The First UKBFF MuscleTalk Championships will be held on Sunday 27th June 2010 at The Corn Exchange, St Paul's Square, Bedford MK40 1SL

The show will be under the United Kingdom Bodybuilding and Fitness Federation (UKBFF) rules as a qualifier for the 2010 UKBFF Finals

Special guest appearances:

British Heavyweight Champ Daz Ball

UK Strongest Man & 4 times World's Strongest Man Finalist Terry Hollands

And more!

Tickets:

Available now from Bedford Corn Exchange: 01234 269519

Price £15.00

Children under 14 free (if accompanied by an adult)

Show programme:

Registration: 12noon

Doors open: 1.00pm

Show starts: 2.00pm (run through)

Competitors:

Download your entry form

and send to:

MuscleTalk

5 Sterling House

29 Victoria Street

Kettering

Northants NN16 0BU

Classes:

Juniors under 21 years

Masters Men over 40 years

Masters Men over 50 years

BodyFitness

Intermediates up to 80kg

Intermediates up to 90kg

Intermediates over 90kg

Ladies Fitness

Classic Bodybuilding

Ladies Bodybuilding

Men up to 70kg

Men up to 80kg

Men up to 90kg

Men up to 100kg

Men up over 100kg

Overall Mr MuscleTalk

Tanning:

No instant cream tan (any and every brand) will be allowed at any UKBFF shows. Anybody who uses an instant cream tan on the day of the event, which comes off, will be asked to wipe it off.

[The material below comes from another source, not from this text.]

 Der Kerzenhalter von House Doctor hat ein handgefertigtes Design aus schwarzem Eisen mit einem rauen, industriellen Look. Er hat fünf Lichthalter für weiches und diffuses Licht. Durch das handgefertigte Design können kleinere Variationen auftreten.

** Spray tanning service available on the morning of the show at Flexibility Gym, Bedford, right by Bedford Corn Exchange **

Dressing rooms:

Competitors' dressing rooms available male & female with showers and pump up area

More information:

MuscleTalk: 01536 484631 / [email protected]

Corpus Fitness - Luke Nichols: 01234 269164 / 07884 001520

T

Facebook here: http://www.facebook.com/event.php?eid=314710257302&ref=ts

We have all the UKBFF categories and guest appearances from top strongman Terry Hollands and UKBFF superheavyweight Daz Ball. There'll also be other top bodybuilding names around in the audience including pros Shaun Joseph-Tavernier Simon Cohen, James Llewellin and more.

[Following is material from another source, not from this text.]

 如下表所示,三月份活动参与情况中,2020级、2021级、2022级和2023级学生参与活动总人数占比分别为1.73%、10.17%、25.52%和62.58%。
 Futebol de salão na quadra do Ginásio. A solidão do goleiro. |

The event is presented by UKBFF heavyweight Luke Nichols and me, and it will be me as the MC (pending my voice issues).

It's in Bedford on 27th June. Any questions please ask me here.


----------



## OJay (Mar 7, 2008)

ll be there in the classics


----------



## Tinytom (Sep 16, 2005)

Im going to watch


----------



## The dragon (Oct 31, 2008)

You know I'm there James.


----------



## Kate1976 (Jul 19, 2008)

I will be going to watch


----------



## jw007 (Apr 12, 2007)

Im doing the super heavies


----------



## Lou (Jul 27, 2008)

I'll be watching.....and helping a wee chap on the day.

Lou X


----------



## micky (Nov 4, 2007)

I,m competing in the under 80,s!!


----------



## IFBB PRO (Jan 3, 2009)

Going To Be a Great Day James cant wait:thumb:


----------



## supercell (Aug 23, 2005)

I guess I'll drag my sorry ripped ass along to watch )

J


----------



## Ex-SRD (Sep 9, 2008)

supercell said:


> I guess I'll drag my sorry ripped ass along to watch )
> 
> J


Great - I'll add you to the list of 'stars' appearing


----------



## Ex-SRD (Sep 9, 2008)

The dragon said:


> You know I'm there James.


Looking forward to seeing your improvements Rob!


----------



## Ex-SRD (Sep 9, 2008)

jw007 said:


> Im doing the *super fatties*


Great, you'll win


----------



## Ex-SRD (Sep 9, 2008)

Lou said:


> I'll be watching.....and helping a wee chap on the day.
> 
> Lou X


Great - just PMed you, Lou.


----------



## Ex-SRD (Sep 9, 2008)

micky said:


> I,m competing in the under 80,s!!


And you're looking brilliant too mate.

Here's a pick of Micky when he did the guest spot at Body Power:


----------



## Greyphantom (Oct 23, 2003)

If there are tickets left I will try to get up there... just have to ask the warden for leave...


----------



## Robsta (Oct 2, 2005)

I've copy and pasted the "details" James mate so those interested don't have to go and visit the lesser known muscle talk site :lol:


----------



## stow (Jun 5, 2007)

muscle what site?


----------



## Zara-Leoni (Mar 12, 2007)

jw007 said:


> Im doing the super heavies


I'll join ya.... was supposed to be doing bodyfitness.... :lol:


----------



## Ex-SRD (Sep 9, 2008)

Robsta said:


> I've copy and pasted the "details" James mate so those interested don't have to go and visit the lesser known muscle talk site :lol:


Cool, I was trying to keep the opening post short and easier for people to the read...


----------



## Greyphantom (Oct 23, 2003)

Ok so who is going to spectate then?? I will be there... is the train station near to the venue? (will probably have to train it as the mrs might need the car...)


----------



## Beklet (May 13, 2005)

Zara-Leoni said:


> I'll join ya.... was supposed to be doing bodyfitness.... :lol:


Ha ha I'll be there too....



Greyphantom said:


> Ok so who is going to spectate then?? I will be there... is the train station near to the venue? (will probably have to train it as the mrs might need the car...)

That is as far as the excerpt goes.